Saturday, May 26, 2007

William Larson

In the 70s and 80s artist William Larson took advantage of the duality of the fax machine — transmitting images as sound — by transmitting both images and sound in the first electronically mediated collages.

The Pantelegraph

Precursor to the fax machine, the pantelegraph was developed by Giovanni Caselli in the 1860s. A needle attached to the end of a pendulum "scanned" a sheet of paper, with the ink and paper producing different amounts of resistance, sent over telegram to another location with a closely synchronized pendulum.

Friday, May 25, 2007

Sound Modulated Light

Sound Modulated Light by Edwin van der Heide transcodes sound (relative air pressure over time) as light (relative brightness over time). A "light receiver" is provided to visitors, allowing them to listen to the light.

Monday, May 14, 2007

Visible Speech

The IPA presents a visual, written representation of spoken sounds. The orthography is derived mostly from standard alphabets. Alexander Melville Bell (father of Alexander Graham Bell) developed Visible Speech towards a similar end, but he attempts to preserve physiological characteristics of the sound in the orthography.

Sonic Visualiser

Sonic Visualiser transcodes audio visually. Meant for "studying a musical recording", it presents a number of "layers" of the audio — a spectral representation, signal representation, note onsets, note values, etc.

Tuesday, May 8, 2007

4 Performer/Instrument Interaction Models

Joel Chabade has some thoughts on performer/instrument interaction models in the latest SEAMUS newsletter.
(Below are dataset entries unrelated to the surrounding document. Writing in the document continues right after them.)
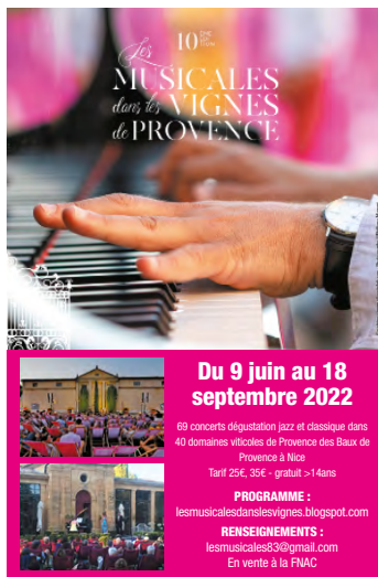
Quart de page 82 mm X 125 mm
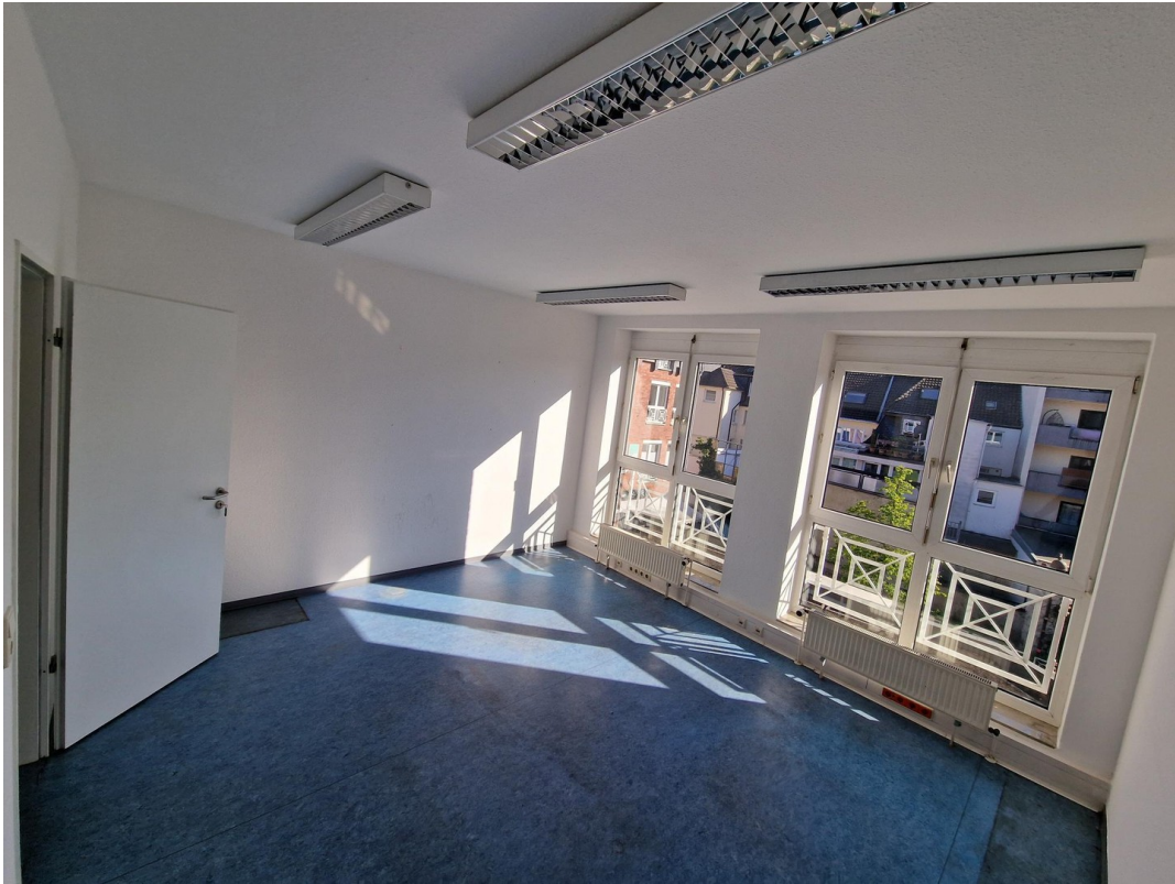
Büro / Praxisraum
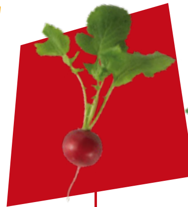
RAVANELLO RADISH RÁBANO RADIESCHEN
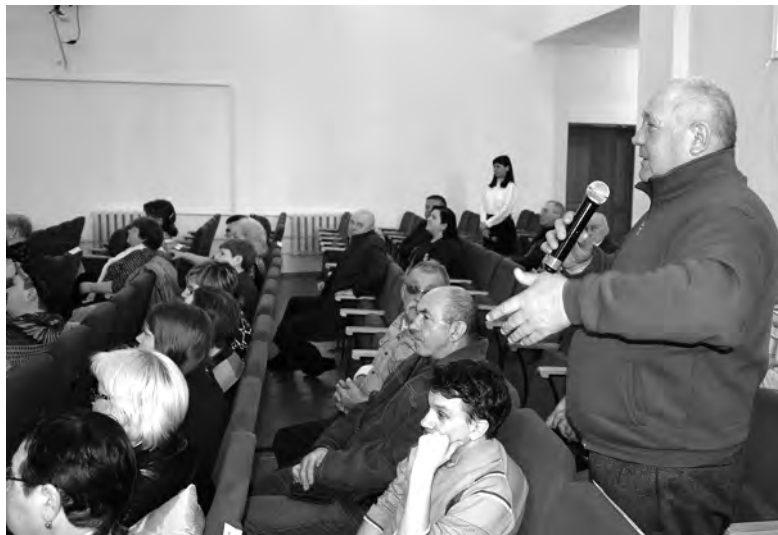
Из зала поступило немало вопросов.
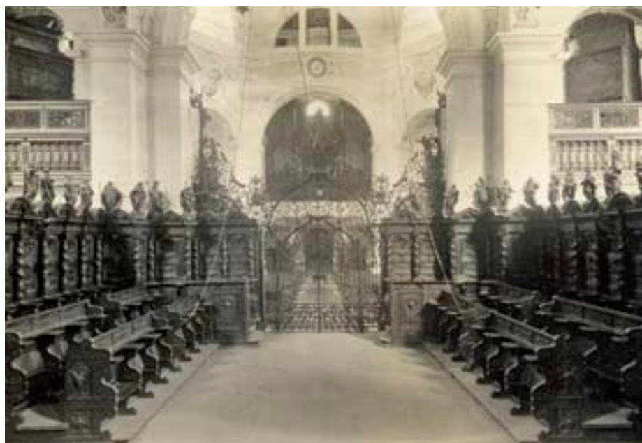
Eine Aufnahme des Chorgestühls von 1925.

Bei näherer Betrachtung der Reliefs konnte festgestellt werden, dass im Laufe dieser Behandlungen der Holzwurmfrass wohl gestoppt worden war, die Oberfläche jedoch durch die verschiedenen Anstriche schokoladebraun
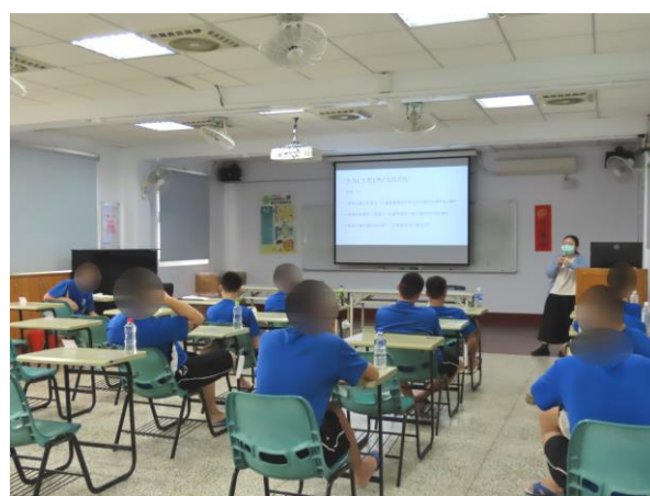
▲學習覺察自我內在想法
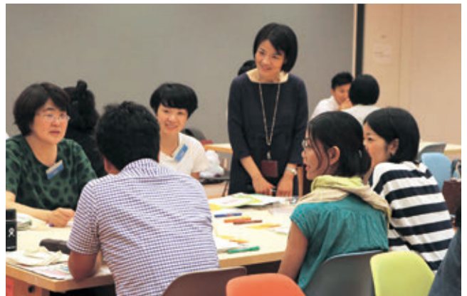
ティーチャーズ・デイ

また、研修協力として、全国私立小学校図画工作教員夏季研修会や、中堅教諭等資質向上研修、高等学校5年経験者研修を受け入れた。
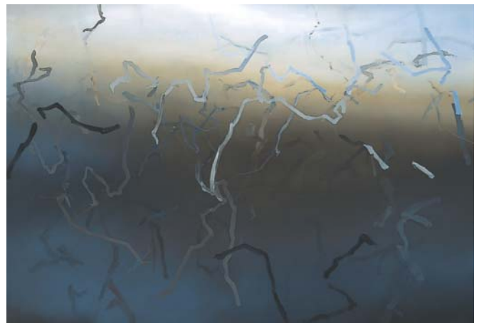
光の匂ひーみこもりVI 2004 キャンバスに油彩 162.2×227.2cm

「写真の断片を写して描くことで、キャンバスとの間に距離を保てるようになりました」

His classification system goes:

  1. Simple: there is a "simple, predictable response" to input (he critiques these models in a NIME 2002 paper)
  2. Fly-by-wire: the performer has an abstracted, high-level control of the system
  3. Interactive: the instrument acts autonomously, responding to the performer
  4. Interacting with life: the performer shares control of the sound with the system, as a sailor shares control of the boat with the waves

The difference between the third and fourth models seems a little unclear, but besides that there are useful distinctions here. "Simple" vaguely corresponds to what I'll call as transcoding, where you interpret one type of data directly as another (gestures as sound parameters). "Fly-by-wire" is a few-to-many transcoding. "Interactive" and "Interacting with life" can be modeled by including a noise source in the transcoding or by adding memory.